Non si placano le tensioni politiche ad Ascea dopo la nomina della nuova giunta da parte del sindaco Stefano Sansone. A intervenire è l’ex vicesindaco Pietro D’Angiolillo, al quale il primo cittadino ha revocato l’incarico lo scorso giugno, che affida ai social un duro attacco alle scelte amministrative del sindaco.
Secondo D’Angiolillo, Sansone avrebbe modificato gli equilibri della maggioranza consiliare «nel tentativo di salvare la sua poltrona», alleandosi con l’ex sindaco Mario Rizzo e con Egidio Criscuolo. L’ex vicesindaco contesta in particolare la nomina ad assessore di Criscuolo, definendola una scelta in contrasto con il risultato elettorale, ricordando che l’attuale componente della giunta era candidato non eletto alle amministrative del 2024.
Nel mirino anche la nomina del nuovo vicesindaco Filippo Dragone. D’Angiolillo evidenzia quella che considera una contraddizione nelle motivazioni addotte dal sindaco, il quale ha richiamato il consenso elettorale ottenuto da Dragone, pur avendo in precedenza revocato l’incarico allo stesso D’Angiolillo, che rivendica un consenso e un’esperienza amministrativa maggiori.
L’ex vicesindaco critica inoltre l’intesa politica con Mario Rizzo, ricordando che durante la campagna elettorale l’attuale amministrazione aveva attribuito alla precedente gestione la responsabilità del disavanzo finanziario del Comune. «Chi ha perso le elezioni viene premiato e chi le ha vinte viene estromesso», sostiene D’Angiolillo, definendo la decisione «contro la volontà popolare, la coerenza e la decenza.»

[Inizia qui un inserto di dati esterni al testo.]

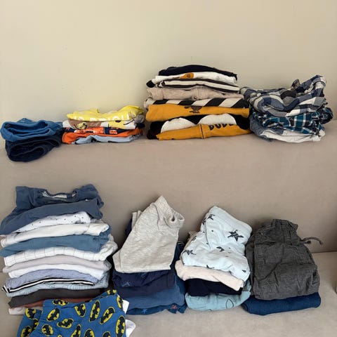 ~ Klærne er merket med størrelse 134, 140 og 146. Men alt er brukt samtidig. Det siste bilde illustrerer 3 bukser merket med forskjellige størrelser, men de er like lange.
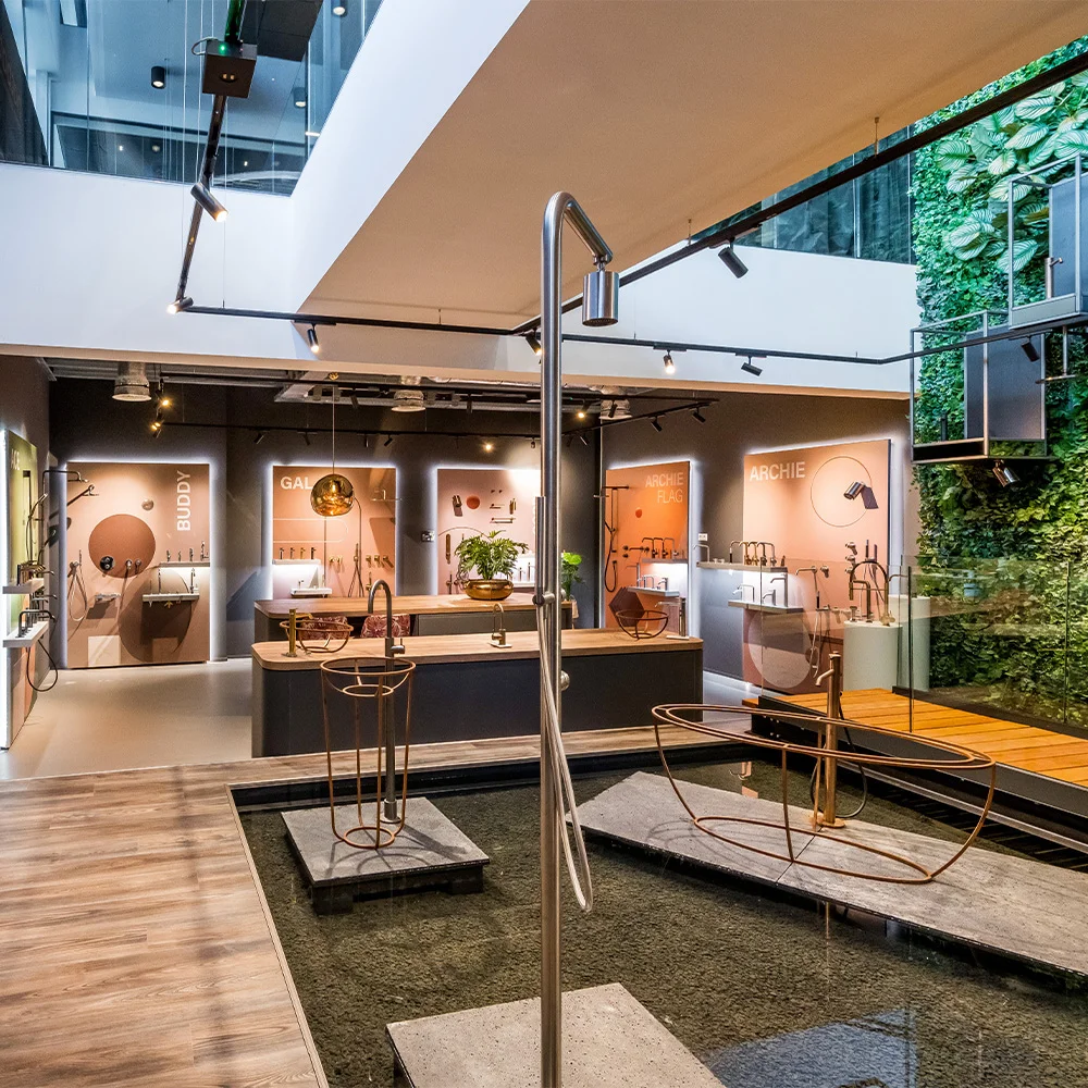 Le studio d’inspiration Hotbath est le lieu où design, innovation et expérience se rencontrent. Les collections y sont présentées dans un environnement qui invite à découvrir des idées et à explorer toutes les possibilités. Le studio montre comment style et fonctionnalité vont de pair et offre un cadre dans lequel la polyvalence de Hotbath prend vie.
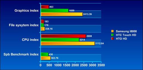 上图的结果可以看出,800Mhz主频的CPU和256/512MB的内存组合果然大不相同,我们从Spbenchmark的测试结果可以看到,I8000U无论是在总体表现还是在各自子测试项目中,都大大领先于其他两台机器,而在CPU性能子项和图形性能子项中,这一领先优势尤其突出。
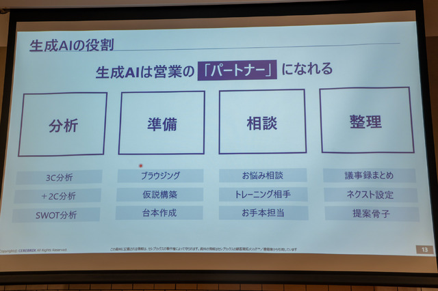 これらの壁を乗り越えるため、福田氏は生成AIを営業の「パートナー」として位置づけ、分析、準備、相談、整理という4つの領域での活用を提案。講演では、AIを相手に濃い仮説を立てる手法や、ロールプレイング相手としての活用方法が実演されました。

Nel suo intervento non mancano riferimenti ironici alla lista civica “Ascea Futura”, con la proposta provocatoria di sostituirne il simbolo, e una serie di rilievi sull’azione amministrativa. D’Angiolillo cita, tra le criticità, le condizioni del lungomare, gli interventi sulla viabilità, la chiusura del parcheggio nell’area della Scogliera, i lavori della pista ciclabile e la gestione degli eventi estivi, accusando l’amministrazione di privilegiare iniziative celebrative rispetto alla soluzione dei problemi del territorio.
La vicenda si inserisce nel quadro delle tensioni politiche che hanno caratterizzato le ultime settimane ad Ascea, dopo il rimpasto di giunta e la ridefinizione degli assetti della maggioranza consiliare.